Happy Friday Afternoon to you and brownie points to me for posting earlier than late Saturday night :)
I would like to comment on a post on Steve Wheeler's website "Learning with 'e's" from April 9th http://steve-wheeler.blogspot.co.il/2013/04/the-future-of-reading.html about the future of reading. Wheeler speaks about the beginning of projects whereby people can loan books digitally in England. The English are checking out such projects in smaller pilot schemes at the moment to see if such a project would be worthwhile. Mark Taylor, the head of The Chartered Institute of Library and Information Professions" believes that such projects may result in a revolution in the reading behavior of the general public as they will have access to materials that they did not have access to previously.
I'm not sure how I feel about this post. On a personal level I grew up in a family without a television (until I left the house at eighteen when my parents invested in one- was I their source of entertainment beforehand and my leaving the house left an abyss that could not be filled? perhaps ;) and we would make weekly trips to the local library, with each member of the family taking out ten books a week. Yes, really. We would shlep home over seventy books a week and sometimes more depending on how many kids were at home that year. But we were, even back then, quite an anomaly.
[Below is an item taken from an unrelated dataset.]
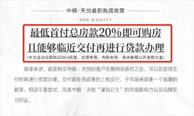 8月26日,紅星資本局向“中糧天悅”售樓部求證此時,一名置業(yè)顧問回復(fù)稱,最近確實(shí)推出了“先交付后還貸”的購房政策,購房者可以先交首付,簽訂購房合同,交房前再辦理貸款即可。

I believe that nowadays this would be considered even stranger behavior when attention spans are shorter, entertainment is more instant and less and less children are being brought up with the library as a part of their culture.
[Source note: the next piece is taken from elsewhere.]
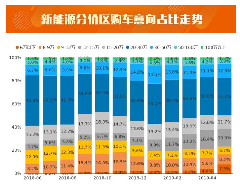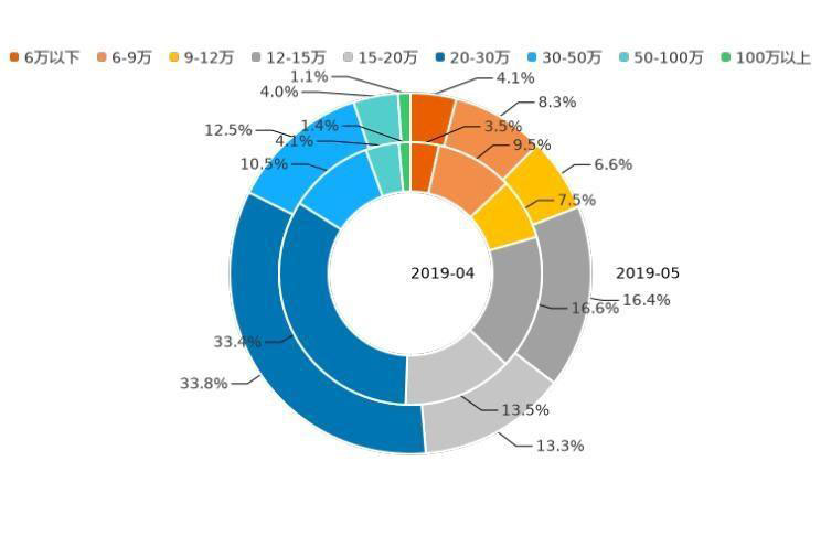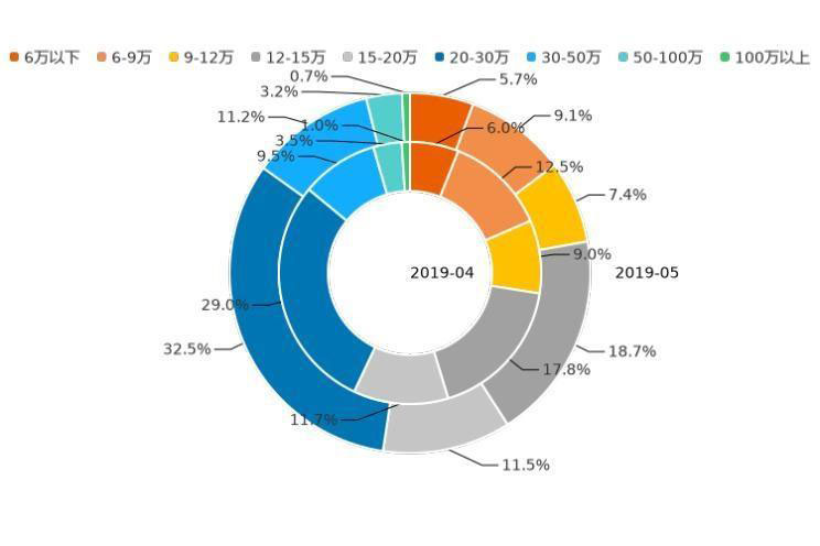 價(jià)格是用戶購車時(shí)最主要的考慮因素之一,那么用戶對(duì)不同價(jià)位車型的意向度究竟如何,一起來了解!今年5月,12萬以下價(jià)區(qū)用戶購車意向占比為3.1%,相較上月增加1.8個(gè)百分點(diǎn);12-20萬價(jià)區(qū)用戶購車意向占比達(dá)27.2%,對(duì)比上月下滑2.0%;20-30萬為用戶關(guān)注的主力價(jià)區(qū),用戶購車意向占比為32.2%,相較上月下滑0.4%;30-50萬價(jià)區(qū)用戶購車意向占比為12.3%,比上月增加1.2個(gè)百分點(diǎn);50萬以上價(jià)區(qū)用戶購車意向占比為5.2%,較上月下滑0.7%。通過分析近12個(gè)月的用戶購車意向數(shù)據(jù)發(fā)現(xiàn),2018年06月至今年5月,12萬以下價(jià)區(qū)用戶購車意向占比增加2.9個(gè)百分點(diǎn),低價(jià)市場有所升溫;12-20萬價(jià)區(qū)用戶購車意向占比上漲6.3%,份額保持大幅增長;20萬以上價(jià)區(qū)用戶購車意向占比,下跌9.2個(gè)百分點(diǎn),其中,20-30萬價(jià)區(qū)用戶購車意向占比下滑明顯,近12個(gè)月下跌11.4%。未來,隨著新能源車型的布局更全面,市場將進(jìn)一步細(xì)分,價(jià)區(qū)覆蓋也會(huì)更加均勻。

I do think that their are immeasurable advantages to growing up reading books- I know that my ability to skim material quickly was definitely influenced by my reading large amounts, my vocabulary (before I moved to Israel and found myself for quite a time with weak Hebrew and equally weak English ;) definitely grew on account of the huge amounts of reading I would do, etc, etc. On a separate note, as a bilingual I also believe that children and teenagers learning a second language should be encouraged to read as much as possible in their second language as I see for myself the advantages of such behaviors.
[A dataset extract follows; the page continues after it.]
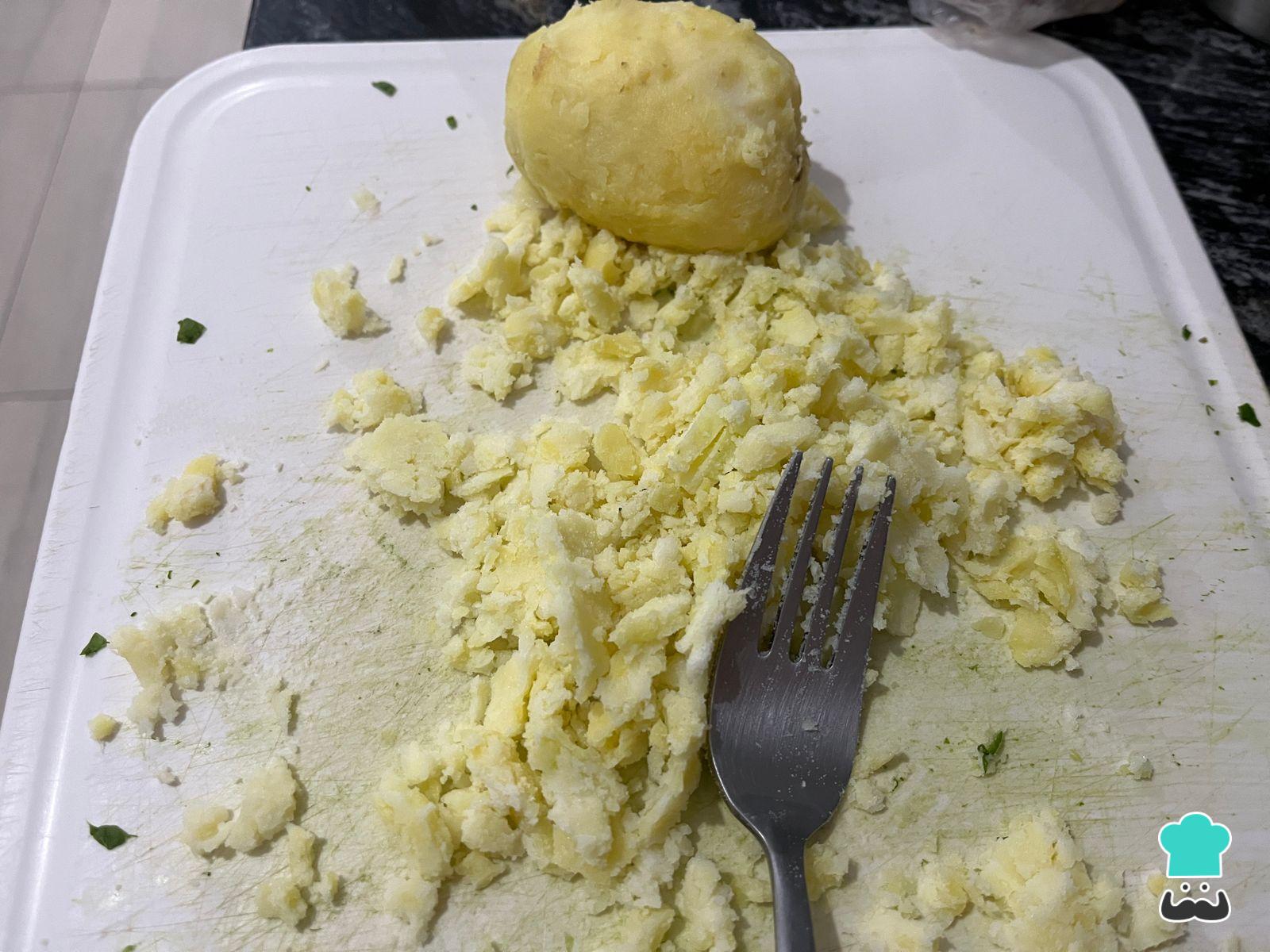 Cuando la papa esté cocida, déjala que se entibie para pelarla sin quemarte, písala para hacer un puré.

I simply think that such projects as the ones mentioned in the post are not really addressing the root of the problem ( I feel like my social worker hat pops up every time I say that phrase). I am not persuaded that making books available for Kindle-owners is the answer to increasing reading tendencies in the general population. I don't see many teenagers with Kindles- I see far more older people using them. I think there have to be other attempts at encouraging the younger generation- be they monolingual or bilingual- to read. Any suggestions?